Extremely low error rates observed in LoopSeq SLR contigs
The B. subtilis B-354 genome contains 10 copies of the 16S rRNA gene of identical length (1,558 bp; Fig. 2c). Therefore, the full-length contigs generated from the Zymo-Loop sequencing data can be overlaid on the same plot to visualize base pair differences along their length (Fig. 2b). Most mismatch errors are randomly distributed along the length of the contig. The nucleotide differences that produced the two highest variant ratio peaks (gene copy #2 & #3 c. 285G>A and gene copy #1, #4, #8, #9 & #10 c.1268G>A) tentatively represent real variants in the non-redundant 16S rRNA genes as these exact same nucleotide mutations were previously identified (McIntyre et al., 2019). Consequently, the true mismatch error rate, after excluding these two false positive mutations which together account for 454 of 1691 total ‘mismatch’ errors, is very low (Fig. 2d). Altogether, the Zymo-Loop 16S dataset was at least an order of magnitude more accurate than Zymo-V3V4 across the frequency of mismatches, insertions, and deletions (Table 1).

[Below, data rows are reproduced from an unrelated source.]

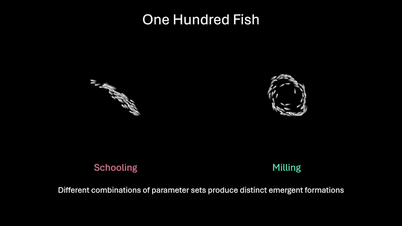 Relatively simple visual and hydrodynamic signals are enough to make digital fish school in ways that resemble living ones. Here, researchers look at what happens when well-behaved schools of fish get too big. The researchers first demonstrate that their schools behave reasonably at one hundred members, either in a schooling configuration or a group milling around a central region.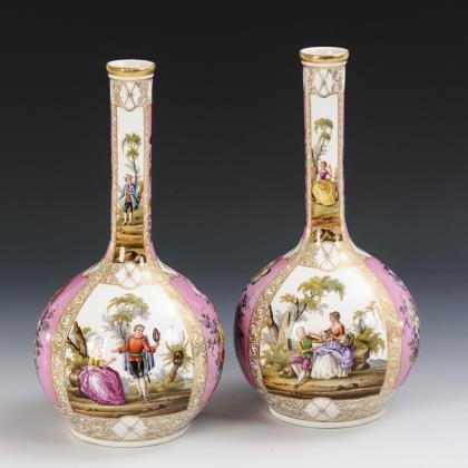 Paar Vasen mit Watteau-Malerei. Helena Wolfsohn.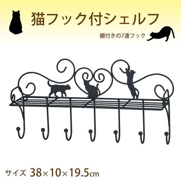 棚付きの7連フックです。 製造国:中国 素材・材質:スチール 商品サイズ:38×10×19.5cm ※サプライヤー直送品 ご注文後2~3営業日後の出荷となります【商品名】猫フック付シェルフ G-4513BK

ATCC-gut sample: LoopSeq SLR results
After sequencing the ATCC-gut mock community, reads were assembled into 20,027 contigs (mean length = 1,376 bp; median = 1,462 bp). After filtering for full-length 16S rRNA genes, 9,087 contigs remained (45.4%) with a mean length of 1451 bp. Of these, 9,084 (99.9%) contigs could be mapped to one of the 12 reference sequences at approximately the expected ratios barring Bifidobacterium adolescentis, which was below expectation (Table 2). We speculate that this was the result of a sequencing artefact arising from an imperfect PCR primer match at the B. adolescentis primer region used to amplify the 16S rRNA gene (Frank et al., 2008). Using Kraken 2, all 9,087 contigs could be taxonomically classified (Table 2). Of the 12 species in the sample, 11 were classified correctly to the species level, of which seven were classified down to the strain level. Among the seven detected strains, three were exact matches to the ATCC strain designations.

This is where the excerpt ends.